New York, fin de siècle. An, unnamed, feckless young woman stares the 21st century in the face and decides the only way to deal with it is to try and blot it out. So she embarks on a project dedicated to sleeping as much as she possibly can.
There’s something of a Roman Candle effect to Moshfegh’s novel. in the opening chapters it blazes brilliantly. The protagonist’s sardonic voice and the beauty of the idea, (the rational beauty), are engrossing. Why wouldn’t you?, one can’t help thinking. How much better it would have been to have slept through the last two decades. The privileged narrator, who lives on the smart side of New York, previously working in a brilliantly described modern art gallery, exists at the supposed apex of civilisation, mixing with the brightest crowd in the most ostensibly sophisticated city on Earth. Yet she retains an outsider status, deliberately thwarting her own capacity to fit it, or to be ensnared, by this seemingly brilliant world, whose shallowness she’s only too aware of.
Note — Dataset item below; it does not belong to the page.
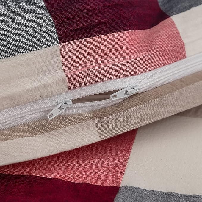 FACE TWO FACE Bedding Duvet Cover Set100% Washed Cotton Duvet Cover Linen Like Textured Breathable Durable Soft Comfy (California King, Blue red Grid)

Hence, she decides to embark on her project.
The problem, perhaps, is that this is a fiercely anti-dramatic project. The sleeping beauty without a prince is a narrative dead end. So the author introduces various tricks and ticks to keep the idea bubbling. Under the influence of a certain drug, the narrator has black-outs, where she wakes up aware that her drugged sleep has masked somnambulant adventures, of which only traces, like her credit card bills and random purchases, remain. The focus switches to her relationship with her doomed friend, Reva, the anti-cool to the narrator’s über-cool.
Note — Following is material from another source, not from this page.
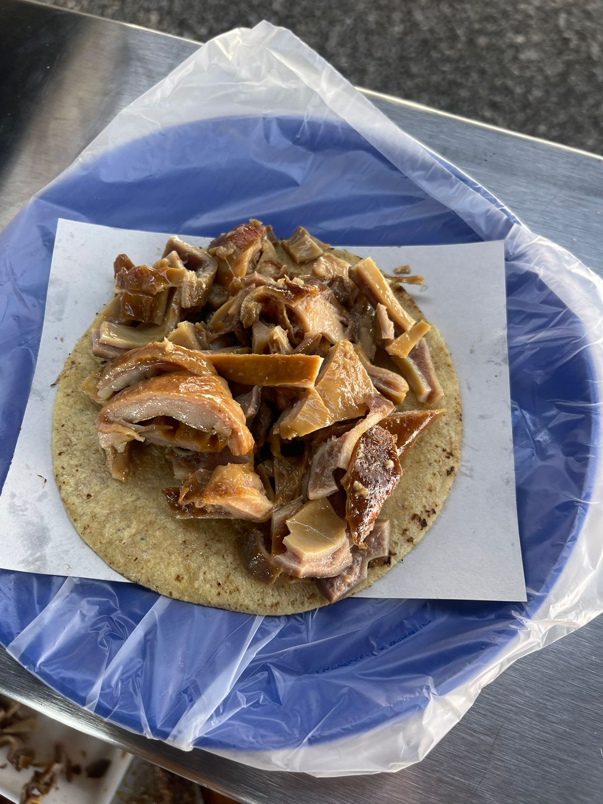 Taco de cuero de cerdo, suave y lleno de sabor, servido en tortilla de maíz con repollo, cebolla, salsas y limón.

The narrative starts to fray at the edges as it tries to sustain the brilliance of the opening chapters. Nevertheless, Moshfegh’s novel lucidly captures the uneasy, proto-digital age that dawned with the 21st century, the onset of a time that has lead to the increasing interiorization of communal space, steering us towards a world where no-one needs to leave their bedroom ever again.